Reputation: 41
I have to organize the data.
I/p:
ID |VALUE
1|a
2|null
3|null
4|b
5|null
6|null
7|c
Need output using hive or data frame.
O/P:
ID|Value
1|a
2|b
3|b
4|b
5|c
6|c
7|c
Upvotes: 0
Views: 63
Reputation: 31490
In Spark use first(expr[, isIgnoreNull=true])
with window orderBy monotonically_increasing_id()
functions and rowsBetween as currentRow
to unboundedFollowing
.
Example:
import org.apache.spark.sql.functions._
import org.apache.spark.sql.expressions._
df.show()
//+---+-----+
//| ID|VALUE|
//+---+-----+
//| 1| a|
//| 2| null|
//| 3| null|
//| 4| b|
//| 5| null|
//| 6| null|
//| 7| c|
//+---+-----+
//if ID will be sequentially increasing
val w=Window.orderBy("ID").rowsBetween(0,Window.unboundedFollowing)
val w=Window.orderBy(monotonically_increasing_id()).rowsBetween(0,Window.unboundedFollowing)

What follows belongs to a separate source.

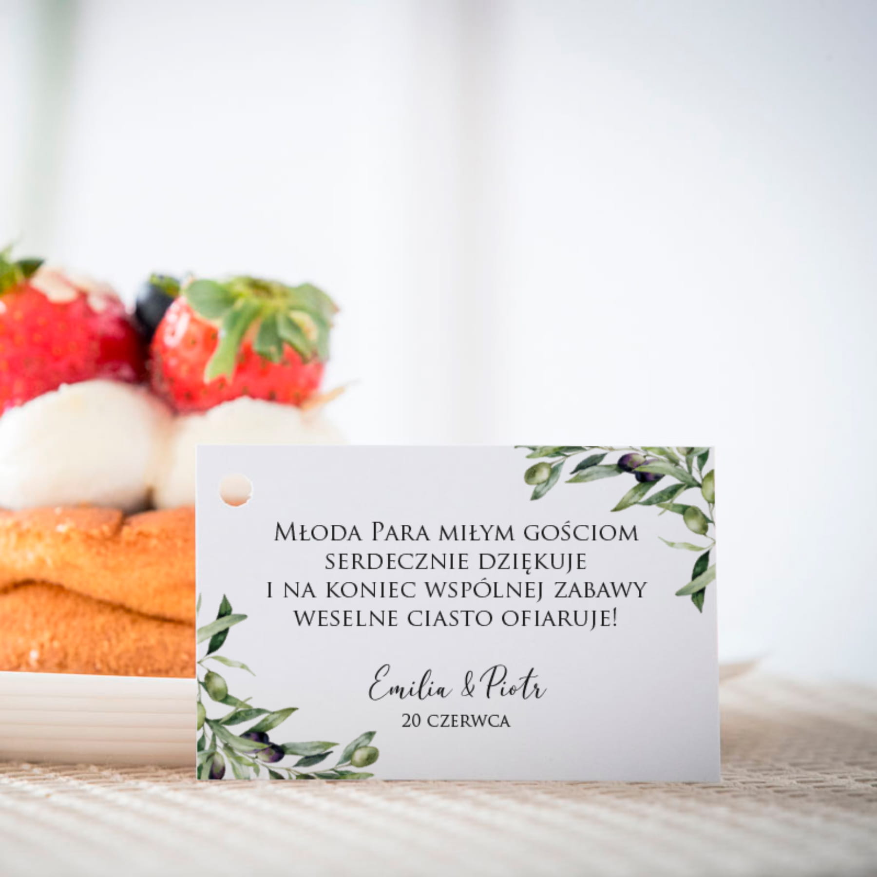 Bileciki do ciasta weselnego z gałązką oliwną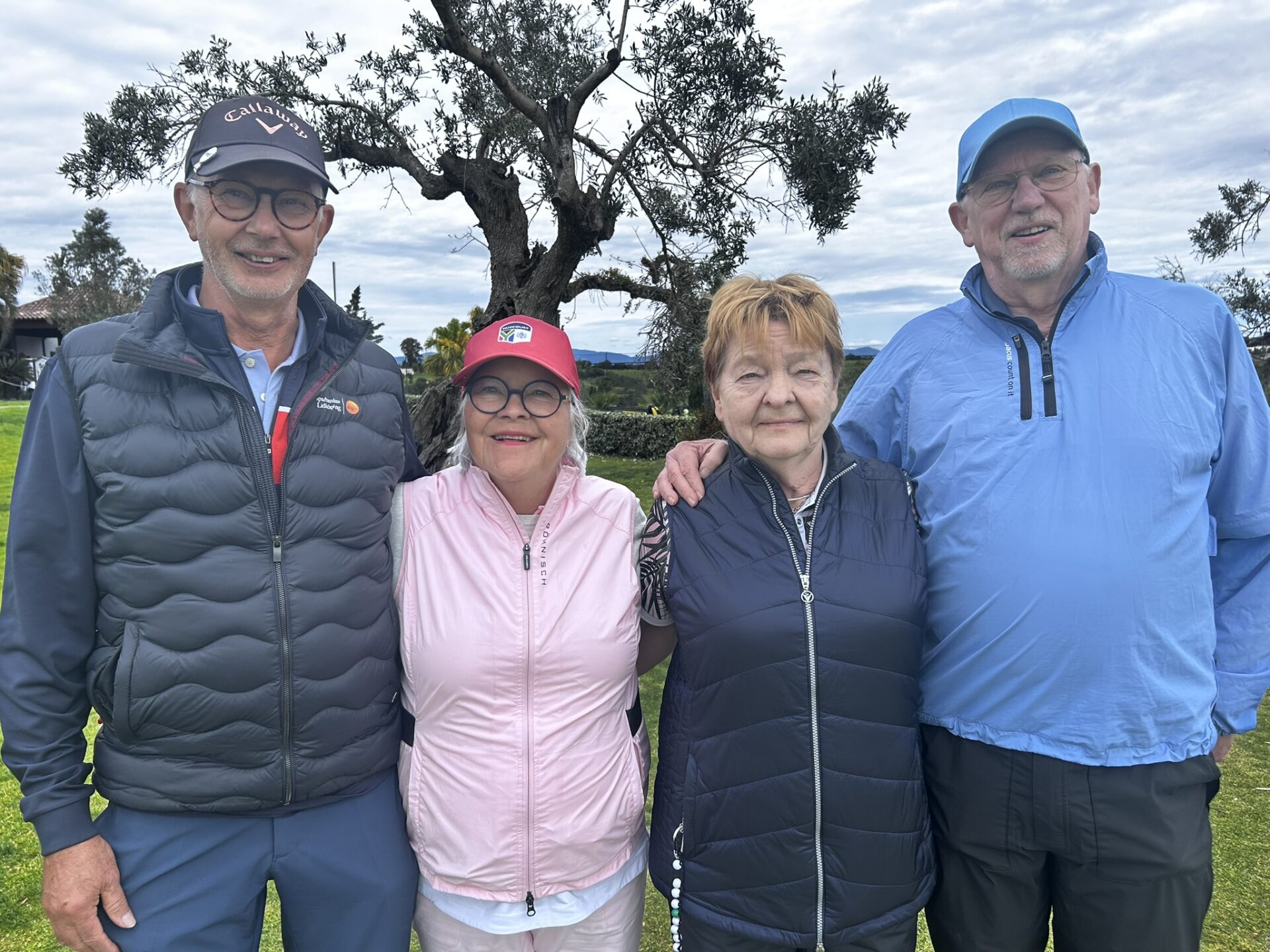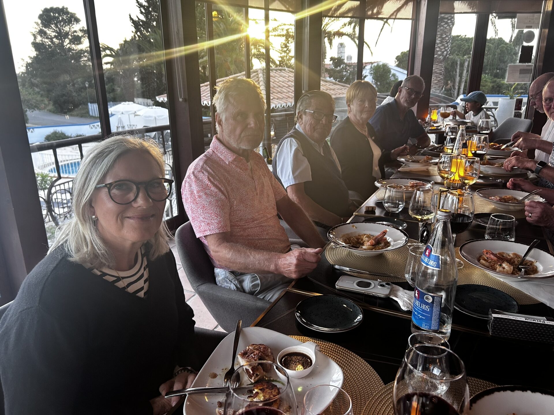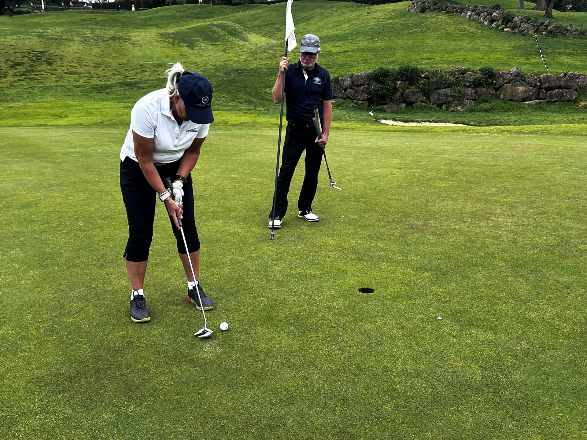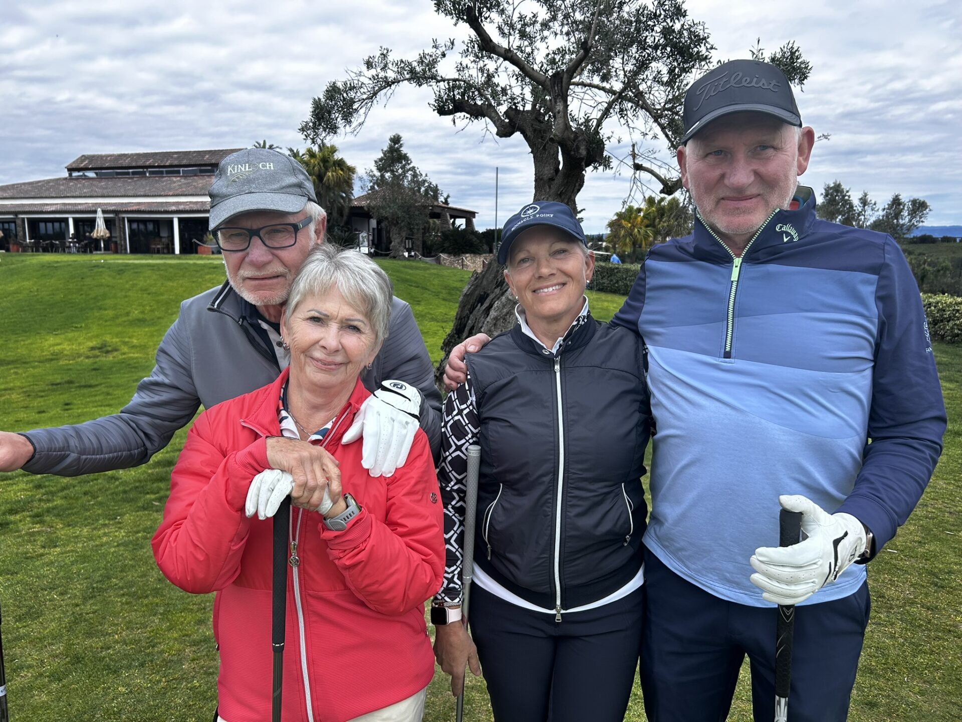 På Pinta spelade vi säsongens sista tävling. Här hål 1 med en uppstigande sol.Margaretha och Roger.Cai, Tina, Carina och Jörgen.Anders, Doris, Monica och Karl.Exemplariska bunkerslag från Cai.Och sedan Carina. Båda sandy par på tvåan.Vem kommer så här nära på 5:an?Jo Carina och enkel tap in för birdie.Dags för prisutdelning. I Bästbollen vinner Doris Närmast hål. Tina och Cai tvåa. Carina och Jörgen vinnare.Segraren i Singel och Närmast hål Carina flankeras av tvåan Jörgen och trean Tina.Carina dessutom återigen Veckans Spelare. Efterföljande gemensam middag intogs på ”vår” restaurang Sal&Tal.

df.withColumn("VALUE", first("value",true).over(w)).show()
//+---+-----+
//| ID|VALUE|
//+---+-----+
//| 1| a|
//| 2| b|
//| 3| b|
//| 4| b|
//| 5| c|
//| 6| c|
//| 7| c|
//+---+-----+
Upvotes: 1
Reputation: 38325
Solution for Hive:
with mytable as (
select stack(7,
1,'a' ,
2,null ,
3,null ,
4,'b' ,
5,null ,
6,null ,
7,'c'
) as (id, value)
)
SELECT id,
first_value(value,true) over(order by id rows between current row and unbounded following) value
FROM mytable;
Result:
id value
1 a
2 b
3 b
4 b
5 c
6 c
7 c
Upvotes: 0